One of the most common acute illnesses in the industrialized world is also one of the most mistreated, the "common cold". More times than not, Moms will run the kids to the doctor, determined to head a cold off at the pass at the first sign of sneezing and sniffling, with antibiotics. "I know it's just a cold but I don't want it to get worse" . The idea that antibiotics help prevent or treat a common cold or in medical terms an Upper Respiratory Infection (URI), a viral infection, is a very common misconception. Antibiotics actually could cause more harm than good because of their side effects.
The "common cold" is actually a group of viruses, the most common being the rhinovirus. Antibiotics work on bacteria, not viruses. Your immune system can usually subdue a cold in 7-10 days. When symptoms last longer than 10 days, we become more concerned that a bacterial infection is setting in. This is when your doctor will entertain the need for antibiotics.
Just because your doctor doesn't give you an antibiotic right away doesn't mean that he isn't treating you. There are several "over the counter" (OTC) medications they may recommend and a number of things you can do at home to combat the symptoms.
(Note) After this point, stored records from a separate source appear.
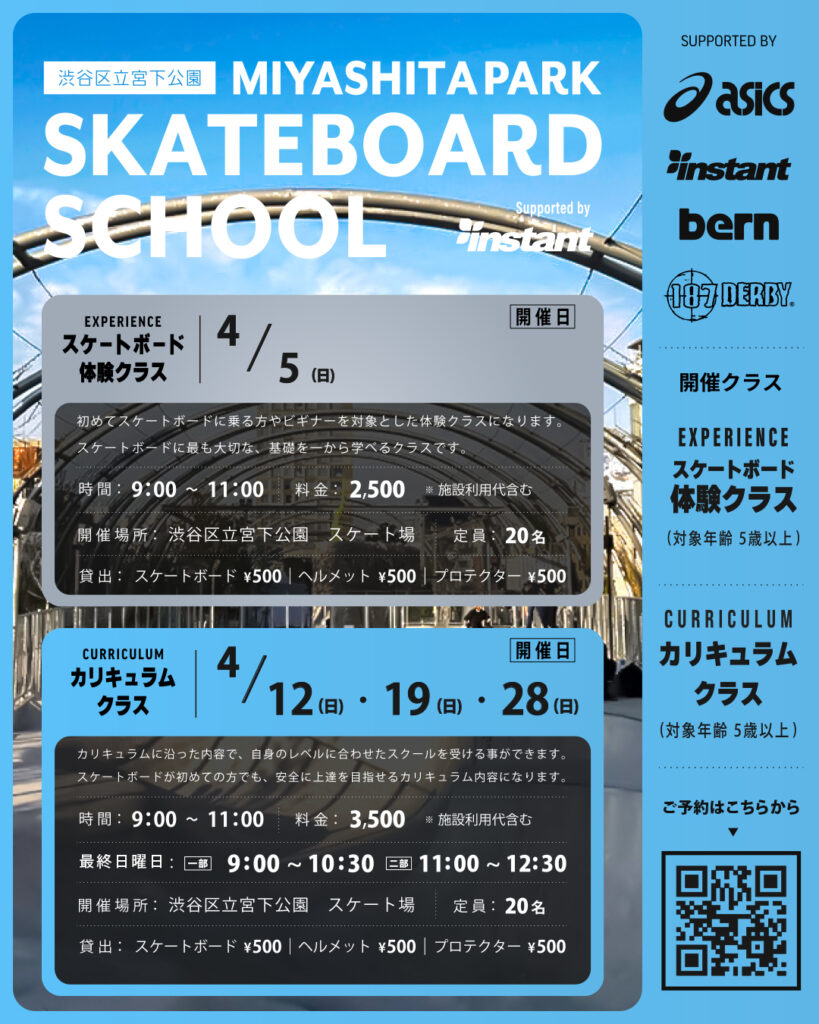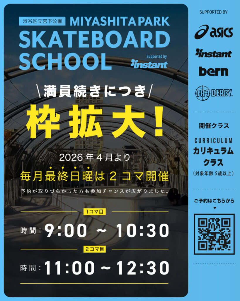 ▶渋谷宮下スクールの詳細やご予約はこちらから→【ご予約専用ページ】https://instant-skateschool.jp/shibuya/
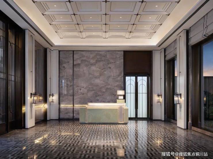 项目大堂采用烟雨江南奢石打造前台背景墙,地面运用拼花水刀切割工艺,质感堪比顶豪项目。
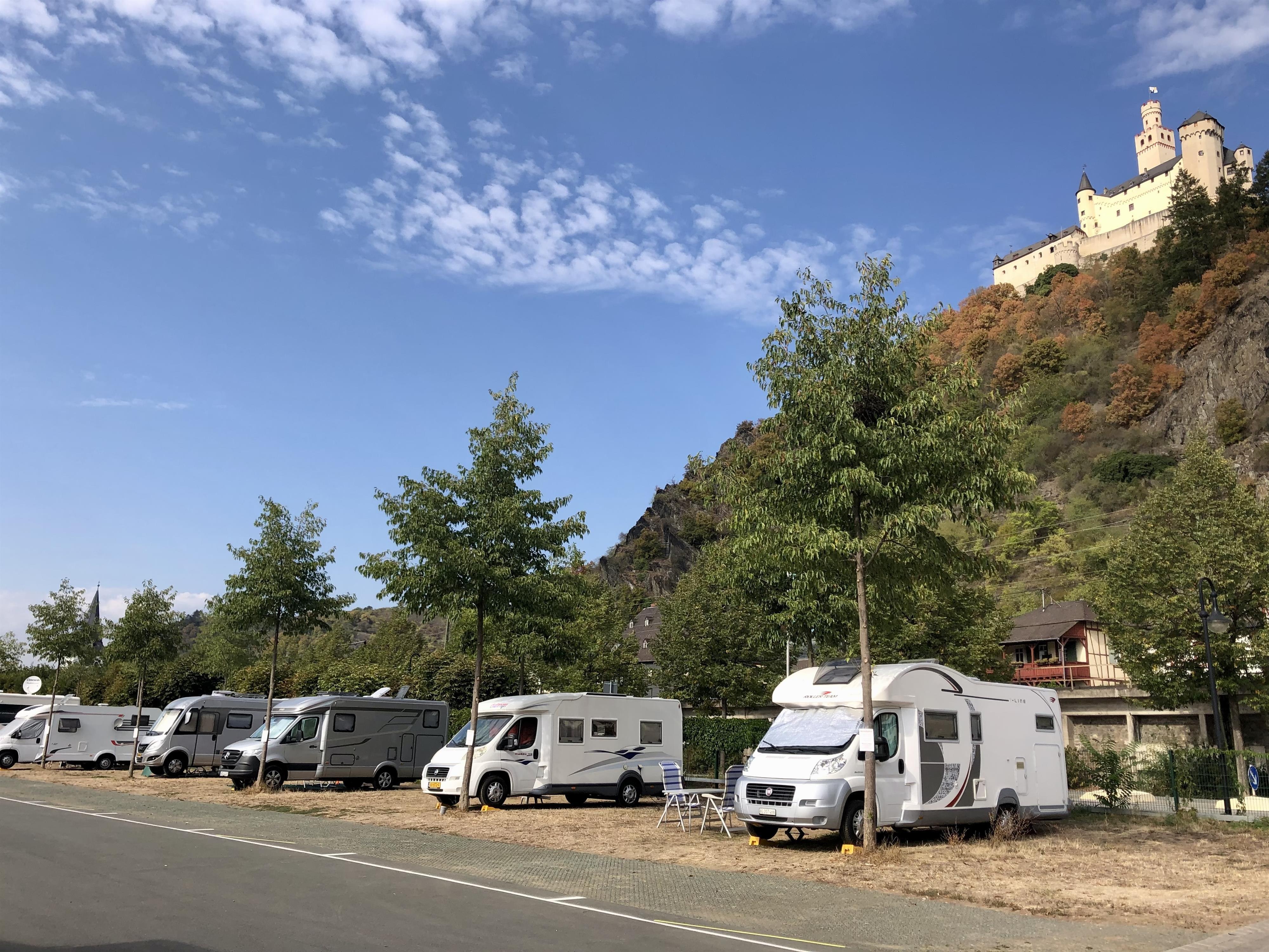 De camperplaats van de stad Braubach, direct gelegen aan de oever van de Rijn, is het ideale uitgangspunt voor allerlei activiteiten.
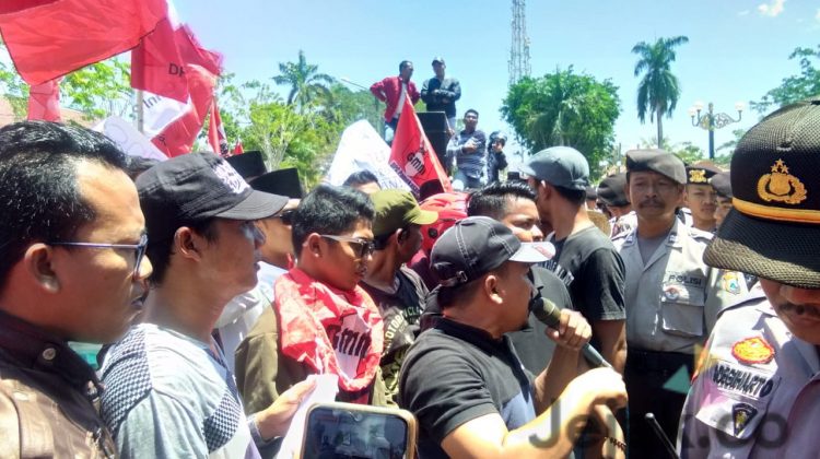 Jejak.co – Puluhan massa di Kabupaten Pamekasan, Madura, Jawa Timur menggelar aksi demonstrasi di depan Rumah Dinas Bupati, Baddrut Tamam menyikapi murahnya harga tembakau, Selasa (9/9/2019).
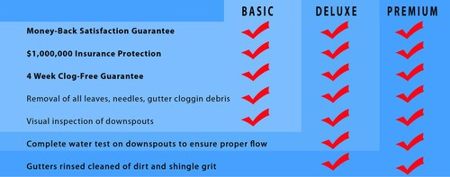 The chart below explains all the different gutter cleaning packages that we offer. All gutter cleaning comes with our 100% Money-Back Satisfaction Guarantee and a 4 Week Clog-Free Guarantee. Prices start at only $129.
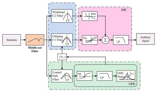 The feedforward control path is composed of broadband filter and outer hair cell section including low-pass filter, static nonlinearity, and scale zooming, which can adjust the gain and bandwidth of the C1 filter to reflect several level-dependent characteristics in the cochlea [,].
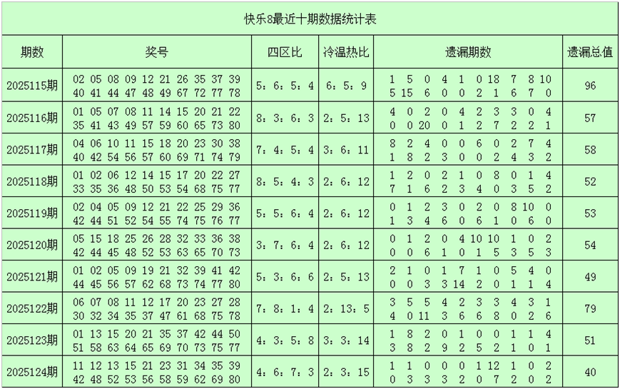 一、快乐8第2025125期奖号分析(定义:遗漏0-2期号码为热码,遗漏3-6期号码为温码,遗漏7期及7期以上号码为冷码,重码为上期开出奖号,邻码为上期没有出现,但与上期奖号差值为1的号码,例如上期开出奖号04,没有出现号码03和05,则本期03和05都为邻码,其它则为孤码。
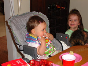 Autumn as Wags, the dog; Ashlynn as Dorothy, the dinosaur; and "The
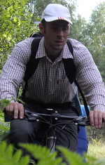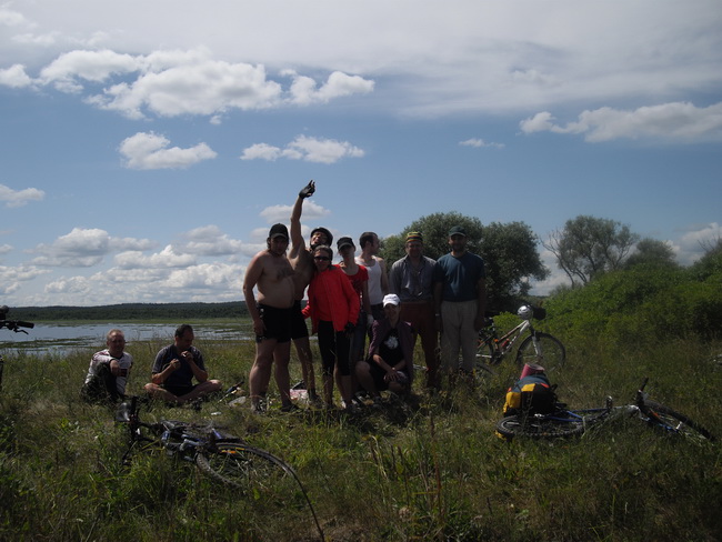 Дима Трусов как раз позвонил, только я это успел про него подумать. Он был где-то уже на подходе - еще один, девятый (из активных) участник нашего мероприятия. Он недоумевал: где на этом лугу вдоль реки Талька можно вообще остановиться. Отправили встречать Ингвара, однако его деморализовал Сережа: мол не торопись, еще посиди. Ингвар так и не сумел выбраться. Глаз понял, что дела тут не будет, поехал встречать Сам. Дима прибыл, хоть и после ночного дежурства, в хорошем расположении духа на адаптированном под путешествия велосипеде и с велорюкзаком.

Some of the more effective OTC medications are Cromolyn sodium, antihistamines, decongestants, and pain and fever meds like ibruprofen or naproxen . The cough in a cold is usually from post nasal drip so a decongestant or expectorant is usually more effective than a cough suppressant. Lorantine-D is a good example. Zinc preparations are not recommended as much anymore because they may cause permanent change in ability to smell.
The mainstays for prevention of spread to others are regular hand washing and mouth covering into your arm when you sneeze or cough. You may also want to add regular exercise, taking vitamin C 200mg/day and gargling with salt water . Getting a flu shot during cold and flu season will not prevent colds but will help prevent a more severe illness, the flu, which is a good topic for another day.